Work instruction: Transcribe the listing below verbatim, omitting pictures.

Data:

────────

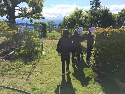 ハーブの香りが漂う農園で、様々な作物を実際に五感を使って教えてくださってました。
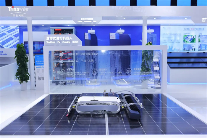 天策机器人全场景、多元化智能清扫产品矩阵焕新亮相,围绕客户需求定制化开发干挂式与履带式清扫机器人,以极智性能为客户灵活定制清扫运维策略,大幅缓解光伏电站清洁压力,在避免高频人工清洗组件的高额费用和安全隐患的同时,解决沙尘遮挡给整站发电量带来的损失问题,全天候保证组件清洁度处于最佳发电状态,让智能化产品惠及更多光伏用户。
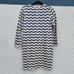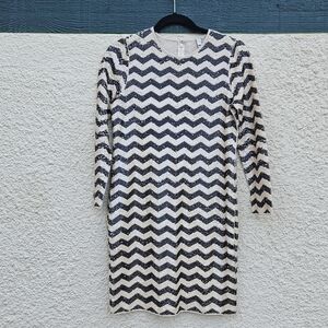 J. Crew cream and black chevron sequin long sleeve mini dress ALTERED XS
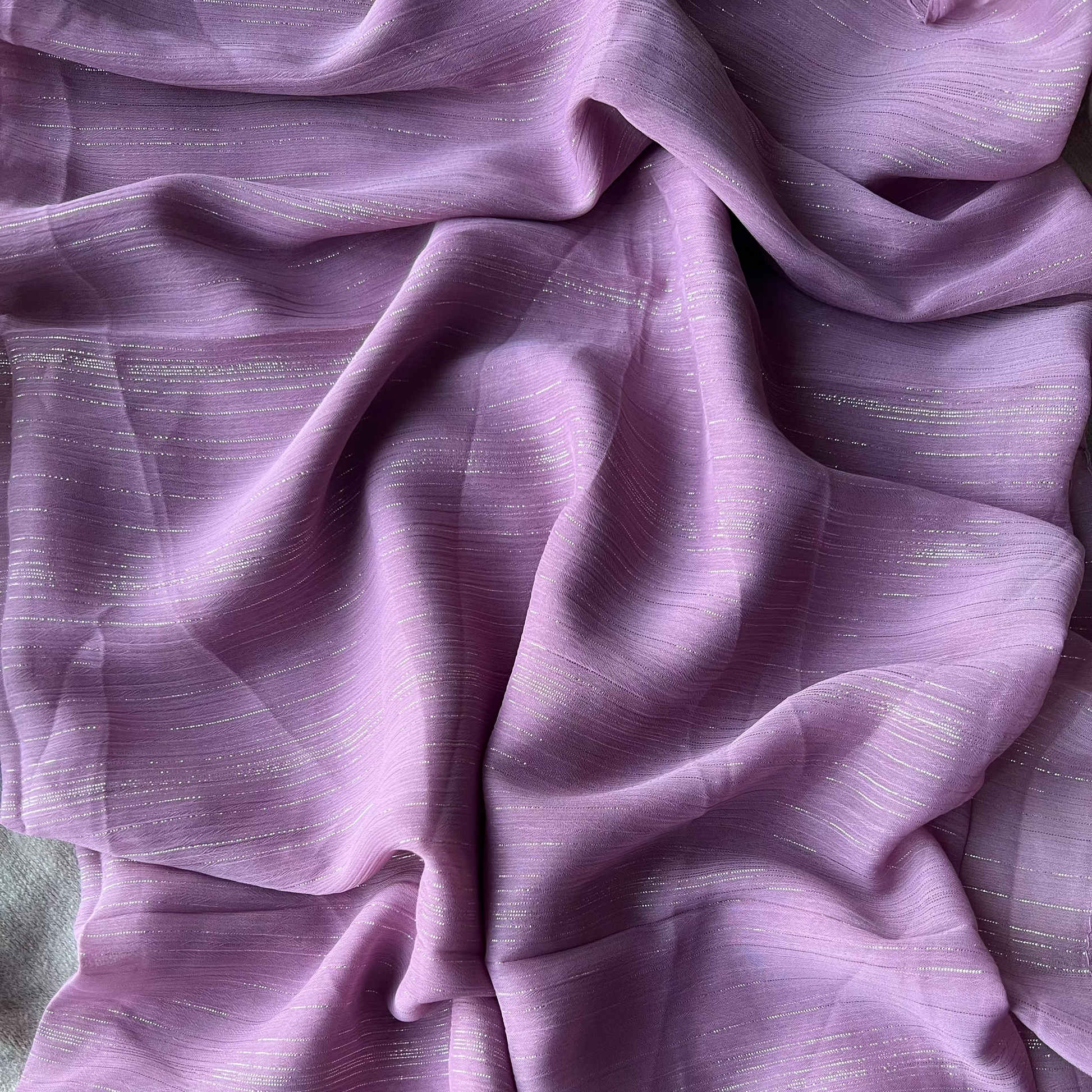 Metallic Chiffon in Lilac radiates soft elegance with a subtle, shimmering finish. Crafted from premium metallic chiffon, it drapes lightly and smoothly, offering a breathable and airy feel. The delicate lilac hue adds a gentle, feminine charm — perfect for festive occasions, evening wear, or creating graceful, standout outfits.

────────

Solution to this exercise:
 ハーブの香りが漂う農園で、様々な作物を実際に五感を使って教えてくださってました。
 天策机器人全场景、多元化智能清扫产品矩阵焕新亮相,围绕客户需求定制化开发干挂式与履带式清扫机器人,以极智性能为客户灵活定制清扫运维策略,大幅缓解光伏电站清洁压力,在避免高频人工清洗组件的高额费用和安全隐患的同时,解决沙尘遮挡给整站发电量带来的损失问题,全天候保证组件清洁度处于最佳发电状态,让智能化产品惠及更多光伏用户。
 J. Crew cream and black chevron sequin long sleeve mini dress ALTERED XS
 Metallic Chiffon in Lilac radiates soft elegance with a subtle, shimmering finish. Crafted from premium metallic chiffon, it drapes lightly and smoothly, offering a breathable and airy feel. The delicate lilac hue adds a gentle, feminine charm — perfect for festive occasions, evening wear, or creating graceful, standout outfits.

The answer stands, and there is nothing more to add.